# British Cellophane, Bridgwater, July 09



## Scrub2000 (Jul 13, 2009)

Went with Dangerous Dave. 
Mission to get in but cracking site. Worth the drive for sure!

Ripped from Wiki
"British Cellophane Ltd (BCL) was a joint venture company formed in 1935 between La Cellophane SA and Courtaulds, when they began building a major factory for producing Cellophane in Bridgwater, Somerset, England.

The process for manufacturing cellulose film from viscose was discovered by three English chemists, Charles Frederick Cross, Edward John Bevan and Clayton Beadle in 1898.

Closed 2005"

Infomation from Wiki

Pictures: [slight spam]























































































Few more


----------



## dangerous dave (Jul 13, 2009)

very cool like the shots mate worth the mission for sure


----------



## littledasypus (Jul 14, 2009)

Very cool site. Don't like the vats labeled acid though, gives me the creeps!


----------



## tbkscott (Jul 14, 2009)

Great looking site looks massive, great photos too - nice one.


----------



## Landie_Man (Jul 14, 2009)

AWESOME splore! Thumbs up! I wish I could go to that!



Scrub2000 said:


> Went with Dangerous Dave.



I bet that was REALLY modern when it went in


----------



## tbkscott (Jul 14, 2009)

Landie_Man said:


> AWESOME splore! Thumbs up! I wish I could go to that!
> 
> 
> 
> I bet that was REALLY modern when it went in



What do you mean, is it still not - i think it looks better than mine anyway lol


----------



## ashless (Jul 14, 2009)

Kick ass guys, loving the Acid vats, straight out of a Batman film!


----------



## Krypton (Jul 14, 2009)

Awesome place. Im also loving the acid vats.


----------



## freebird (Jul 14, 2009)

What an excellent explore! The place is huge. I like the shot of that glass vial thingy ( sorry don't know what it is! )


----------



## Reaperman (Jul 14, 2009)

I'd been wondering what was going on here at moment so its great to get an update and see that things are largely unchanged... Though have they started to demolish the outbuildings in the last photo?


----------



## Urban Ghost (Jul 15, 2009)

I bet there is an eiree silence in there! All those machines just sat there.


----------



## strokesboy21 (Jul 23, 2009)

haha havent seen one of those pcs in years lol


----------



## Raggy (Oct 10, 2009)

Awesome visit



Urban Ghost said:


> I bet there is an eiree silence in there! All those machines just sat there.

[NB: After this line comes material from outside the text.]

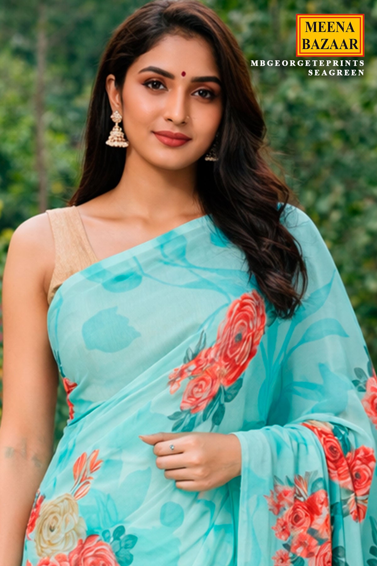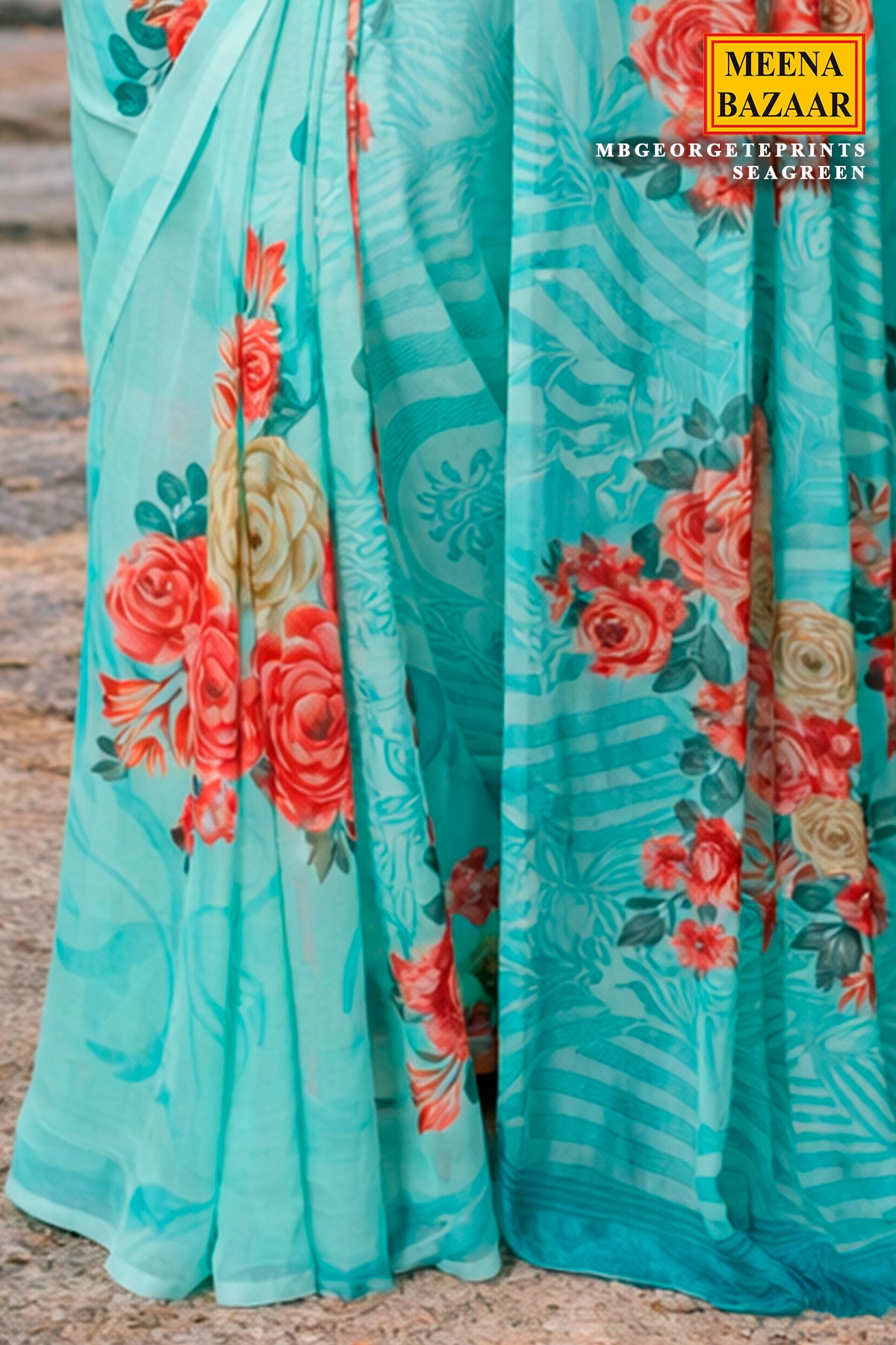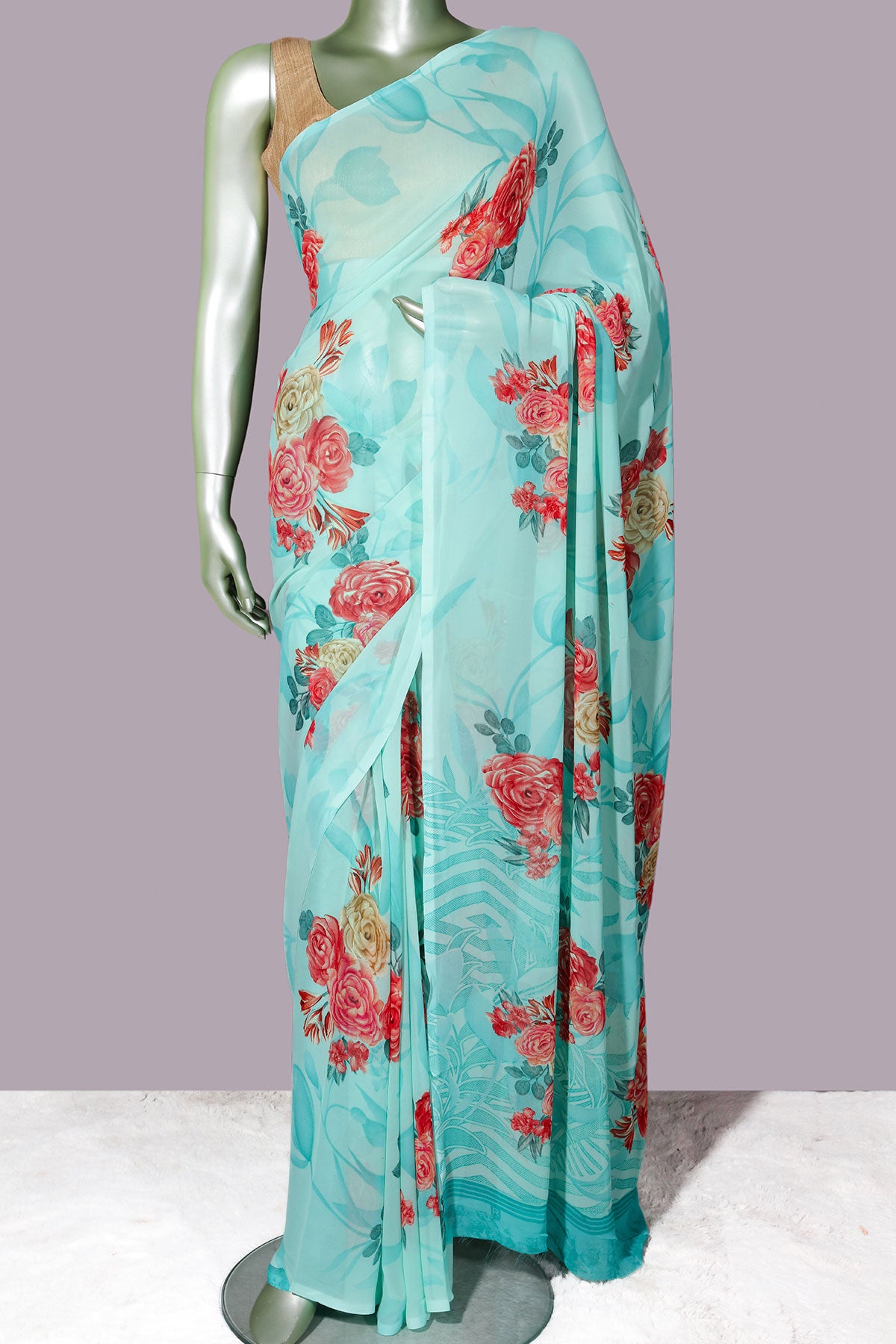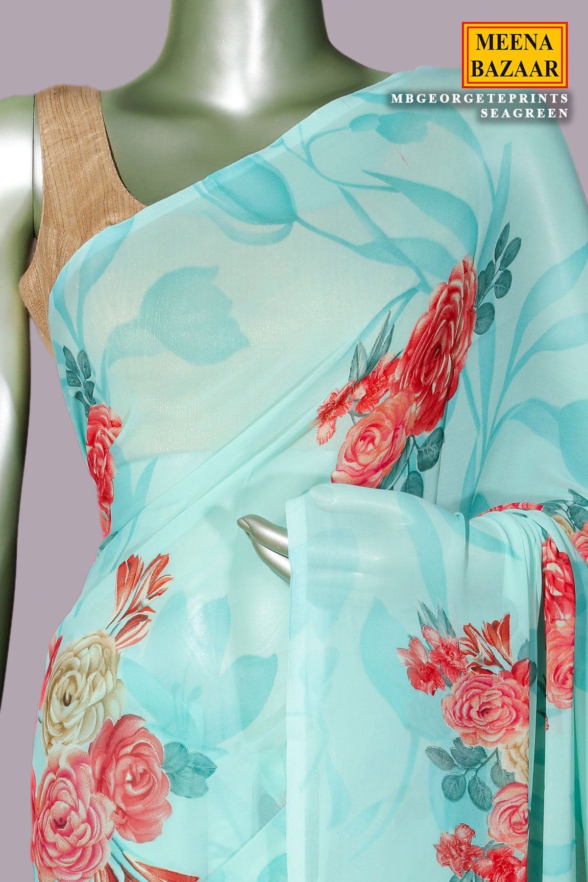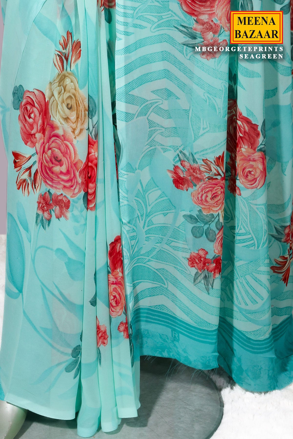 Sea Green Georgette Saree Elegant Printed Detailing

I worked there for about a year before it closed and a lot of the site was unused and had been that way for a long time, it was quite eiree going down to the rest room on the night shift as it was dark and very creepy.


----------



## GE066 (Oct 10, 2009)

Great photos, looks like a good explore. My grandfather used to live in Bridgwater, and you always knew when you were close because of the stench from places like this. Probably a good thing it's closed in that respect.


----------